Last evening while I was trying to teach the wife to ride a geared motorcycle, a middle-aged woman accosted us. She told us that she was a teacher from Hiriyur (Chitradurga district) and had lost all her money and needed help for her bus charge to go back to town. This sounded suspiciously similar to the couple from Nagpur with a similar story that I’ve encountered a few times, and so I told her off, rather rudely I must say.
She seemed to be taken aback, and hurled some curses on me as she walked away, and then my wife pointed out that there were some things about this woman’s story that made it sound genuine. So now I wonder (given that it is a finite possibility that I might be stuck in an unknown city without money) what one needs to do in order to reliably ask for monetary help – given that fraudsters abound (if I had been convinced that this woman wasn’t a fraud I would’ve helped her out, so let’s take that as a given).
Here are some points that I can quickly think of:
- Location – would you think someone who would come to you in a residential area (Jayanagar) where not too many people were walking around, and ask for help if they really wanted money? Wouldn’t they rather try at bus stops, or even get on to buses and try get the ticket off a conductor or a fellow-passenger? Or considering that this lady had to make an inter-city journey, wouldn’t it be more reliable for her to have somehow got to the bus stand and asked someone there?
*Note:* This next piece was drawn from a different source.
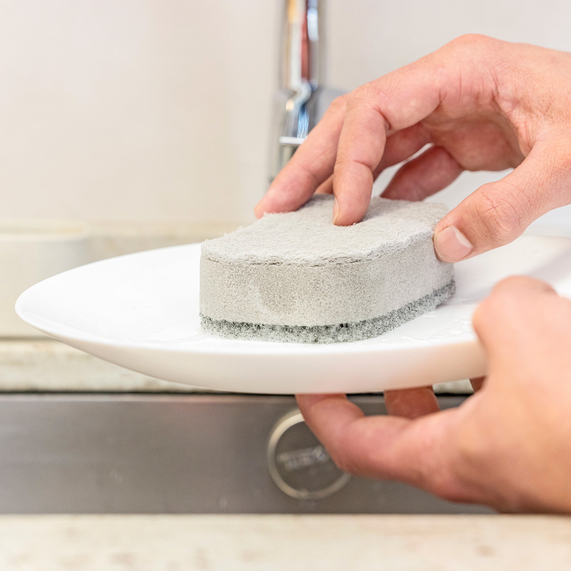 - Premendo la spugna sul supporto interno del vassoio, il sapone esce dai fori e impregna la spugna.
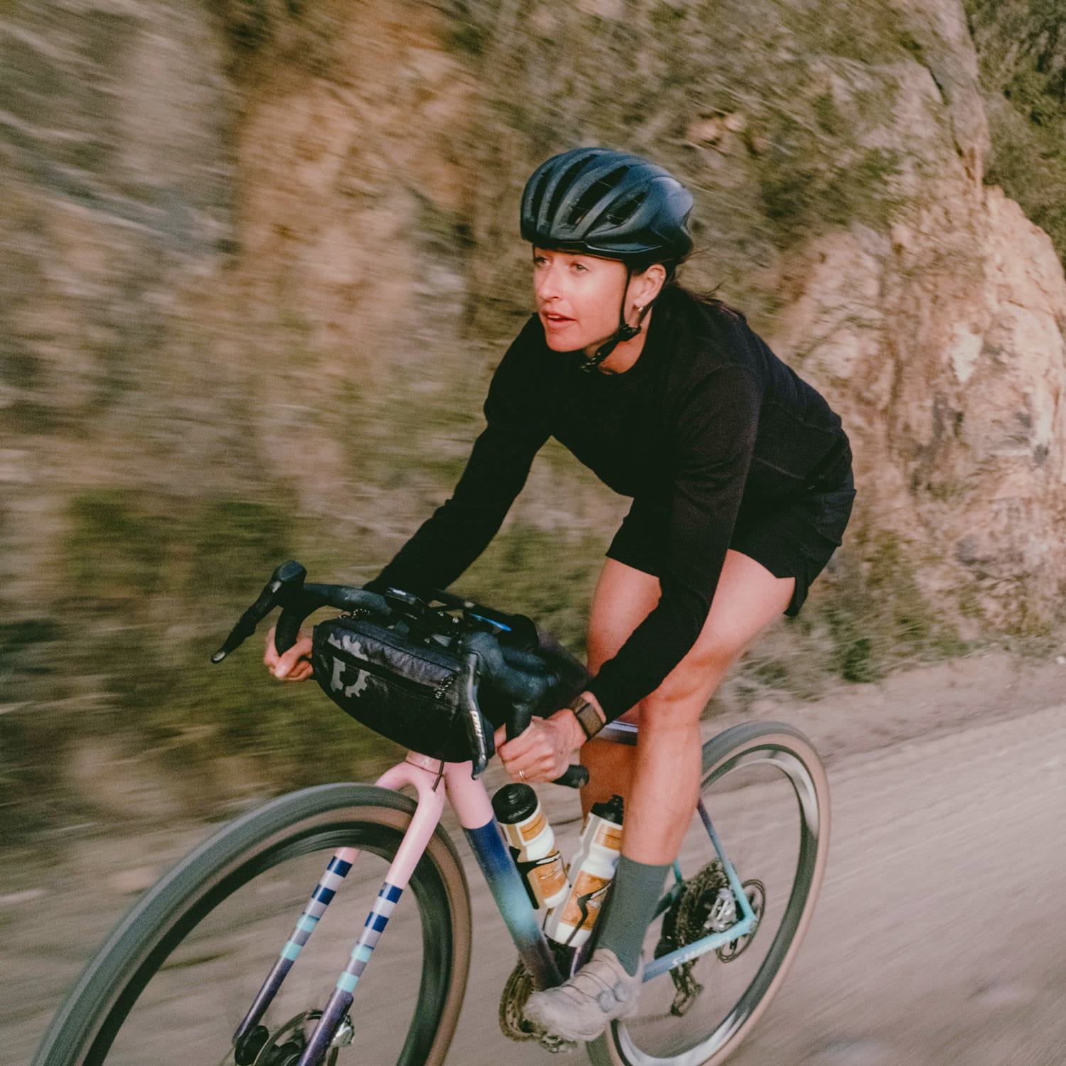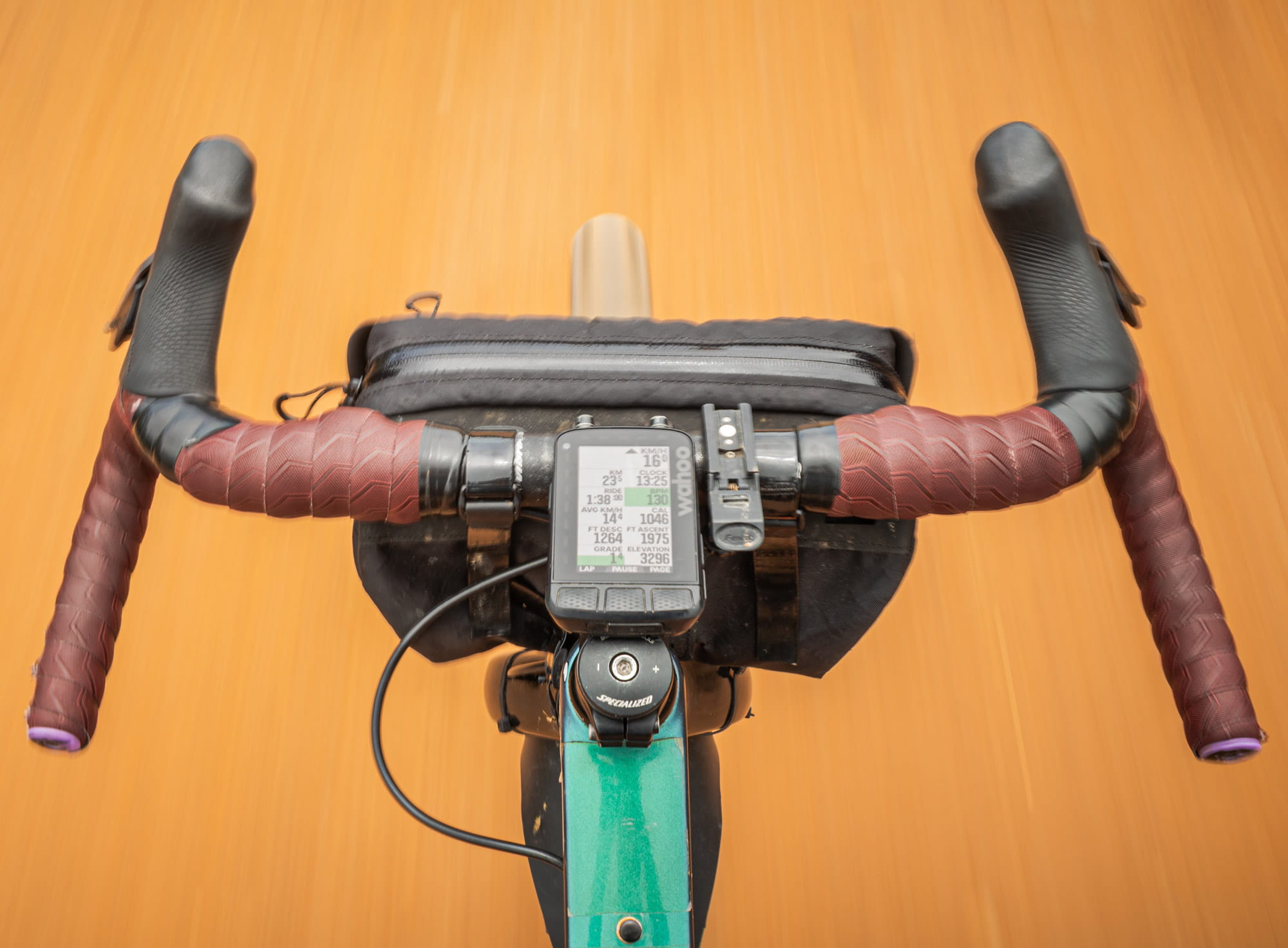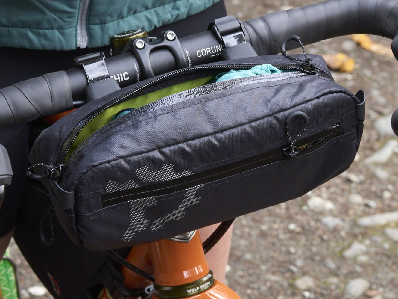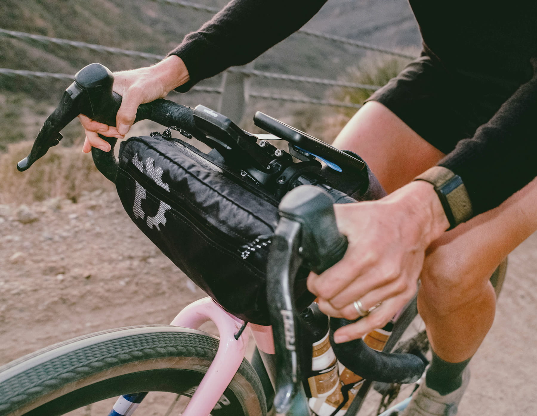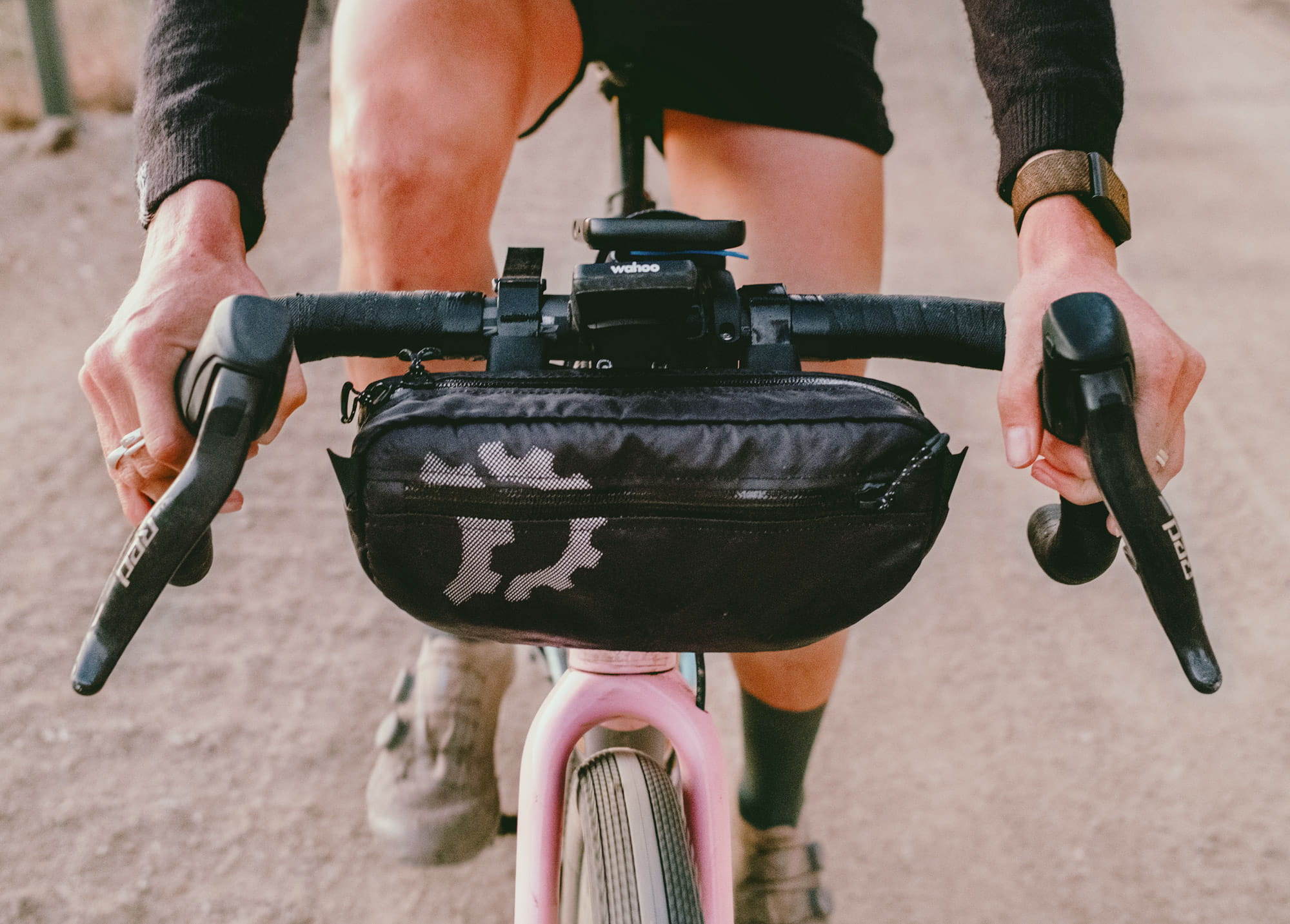 The Revelate Designs Campamocha efficiently utilizes the space toward the head tube, providing surprisingly generous storage without adding bulk to the handlebars. Its slim profile ensures all hand positions on drop bars or flat bars remain fully accessible – perfect for gravel riding, training rides, and bikepacking.

- Persistence – after I’d told this woman off, she just kept hanging around, and refused to go after I told her in no uncertain terms that I’m not helping her out. Wouldn’t you expect people who are really in need to be more rational and try and look for other sources rather than hanging on to the one person she sees on the street?
- What you ask for – again ties back to the first point that it might be easier to convince people to buy you a ticket than give you money. Or if you were to walk up to a shop and ask to use their landline phone? (mobile doesn’t work, since that’s a well-known method of swindling mobiles; was once tried on me in Bombay)
- Abuses – when you are really in need, and someone doesn’t help you out, you don’t loudly abuse them when you go. You’d rather quietly slink away and try your luck elsewhere .
I must say that the woman was rather “respectably dressed”, and before she started abusing she spoke “good Kannada”. It’s just that I wasn’t convinced she wasn’t a fraud so didn’t give her any money.
In any case, what signals would you look for when someone were to come and ask you for monetary help? And what signals would you try to give out if you were to ask for monetary help?
Ask a poor person. A poor person is much more likely to part with a small amount of money than a rich person. This is because they are so used to indirect taxes that they irrationally fall prey to a mental bias. Further, they understand the role of bad luck in life, unlike the rich person who believes he’s at where he’s at because of his own efforts in life (another cognitive bias).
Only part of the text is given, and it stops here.